-- SOURCE MATERIAL follows --

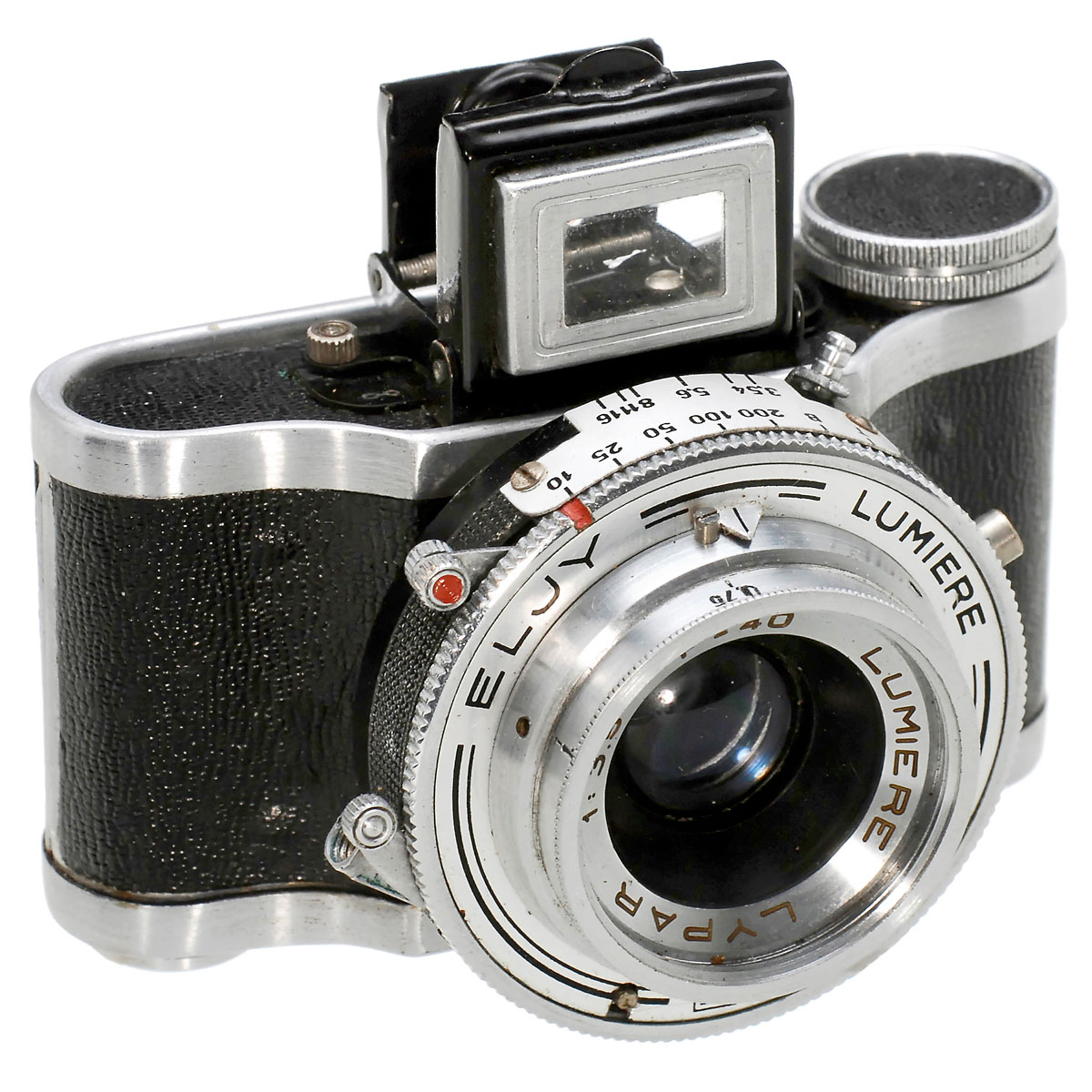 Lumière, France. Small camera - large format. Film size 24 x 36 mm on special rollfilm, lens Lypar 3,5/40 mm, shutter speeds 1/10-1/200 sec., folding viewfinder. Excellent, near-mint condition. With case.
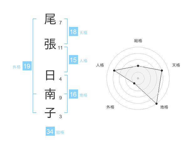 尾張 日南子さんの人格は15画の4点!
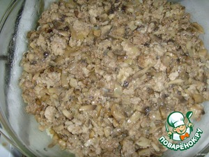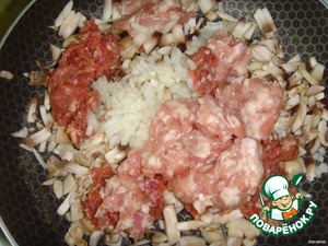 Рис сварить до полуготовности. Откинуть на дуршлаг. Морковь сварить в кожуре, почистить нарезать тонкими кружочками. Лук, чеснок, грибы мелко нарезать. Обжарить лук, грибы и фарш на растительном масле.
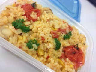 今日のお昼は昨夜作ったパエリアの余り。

-- SOURCE MATERIAL concluded --

Your copy should match the data exactly, apart from the images, which are dropped.

RESPONSE TO THE EXERCISE:
 Lumière, France. Small camera - large format. Film size 24 x 36 mm on special rollfilm, lens Lypar 3,5/40 mm, shutter speeds 1/10-1/200 sec., folding viewfinder. Excellent, near-mint condition. With case.
 尾張 日南子さんの人格は15画の4点!
 Рис сварить до полуготовности. Откинуть на дуршлаг. Морковь сварить в кожуре, почистить нарезать тонкими кружочками. Лук, чеснок, грибы мелко нарезать. Обжарить лук, грибы и фарш на растительном масле.
 今日のお昼は昨夜作ったパエリアの余り。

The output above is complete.